Work task. Among the entries below, only the lines from the one with "Deluxe One Bedroom" through the one with "Trong mặt phẳng" are to be retyped, exactly and without pictures.

=== Data extract ===

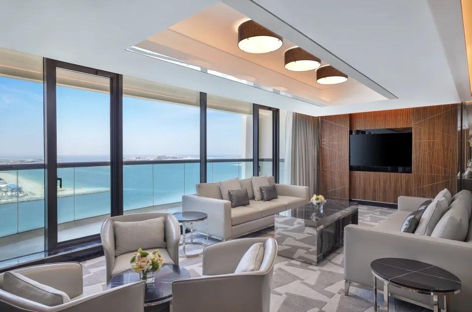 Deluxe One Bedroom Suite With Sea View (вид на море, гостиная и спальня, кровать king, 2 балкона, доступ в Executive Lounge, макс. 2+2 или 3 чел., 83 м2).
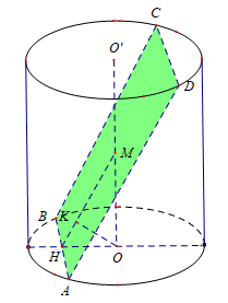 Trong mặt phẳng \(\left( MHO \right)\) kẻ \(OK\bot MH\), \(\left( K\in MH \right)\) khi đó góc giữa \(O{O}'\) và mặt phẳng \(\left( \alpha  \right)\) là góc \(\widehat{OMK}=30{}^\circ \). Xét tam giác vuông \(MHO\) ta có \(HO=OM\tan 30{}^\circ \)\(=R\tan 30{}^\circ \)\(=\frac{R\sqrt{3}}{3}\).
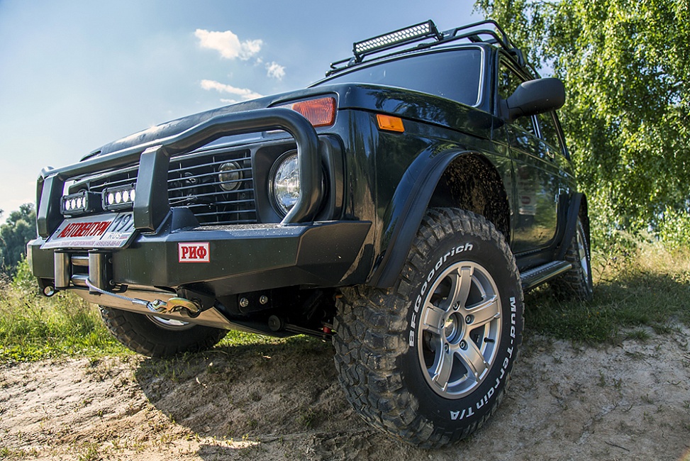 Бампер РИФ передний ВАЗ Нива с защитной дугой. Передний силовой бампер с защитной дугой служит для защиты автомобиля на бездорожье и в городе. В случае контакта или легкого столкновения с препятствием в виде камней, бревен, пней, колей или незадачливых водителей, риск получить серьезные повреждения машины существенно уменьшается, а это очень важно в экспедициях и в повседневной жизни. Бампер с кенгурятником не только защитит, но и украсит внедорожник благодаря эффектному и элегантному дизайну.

===
=== Data extract ===

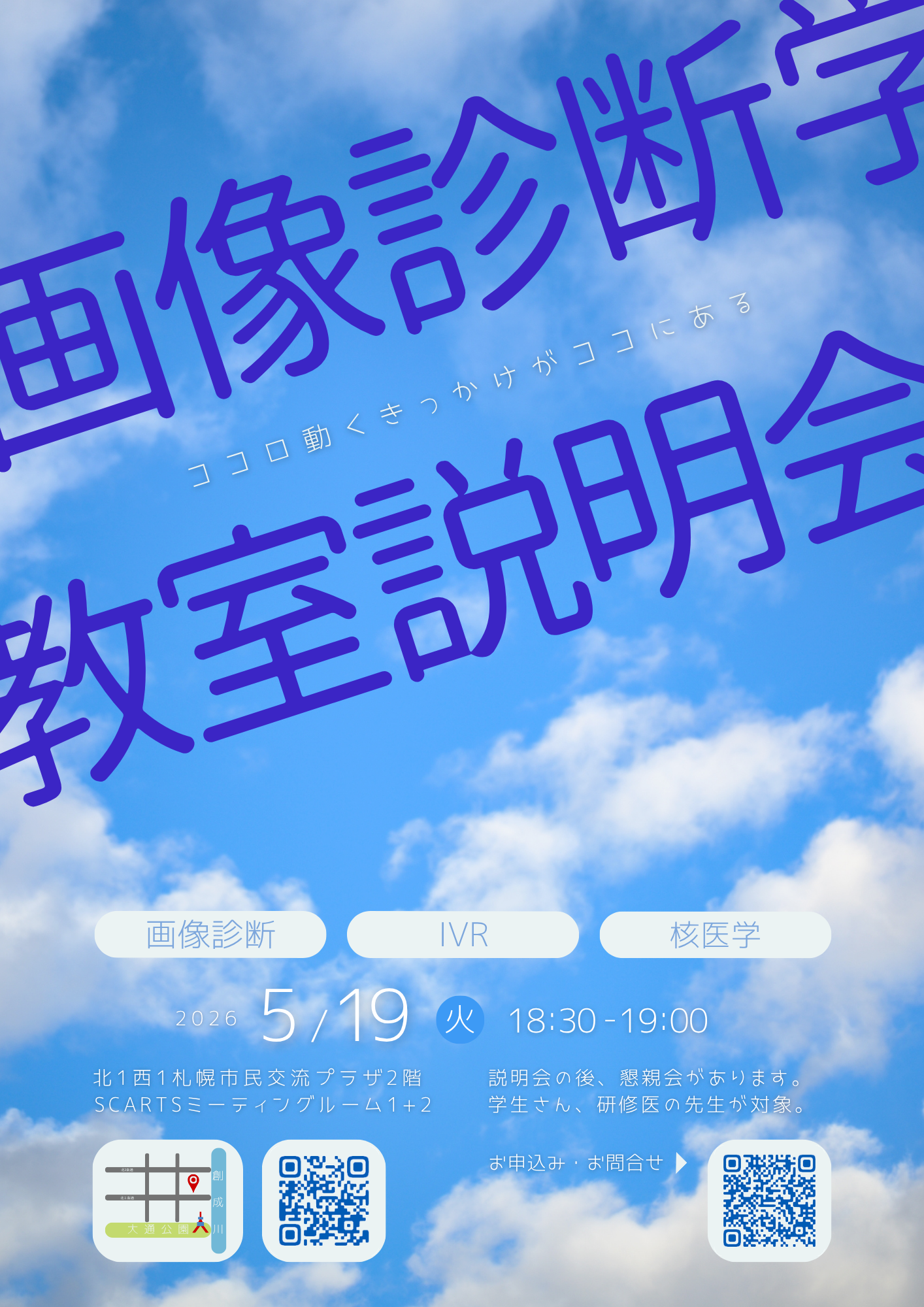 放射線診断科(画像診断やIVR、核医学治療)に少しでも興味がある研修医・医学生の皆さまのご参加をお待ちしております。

===

Final answer.
 Deluxe One Bedroom Suite With Sea View (вид на море, гостиная и спальня, кровать king, 2 балкона, доступ в Executive Lounge, макс. 2+2 или 3 чел., 83 м2).
 Trong mặt phẳng \(\left( MHO \right)\) kẻ \(OK\bot MH\), \(\left( K\in MH \right)\) khi đó góc giữa \(O{O}'\) và mặt phẳng \(\left( \alpha  \right)\) là góc \(\widehat{OMK}=30{}^\circ \). Xét tam giác vuông \(MHO\) ta có \(HO=OM\tan 30{}^\circ \)\(=R\tan 30{}^\circ \)\(=\frac{R\sqrt{3}}{3}\).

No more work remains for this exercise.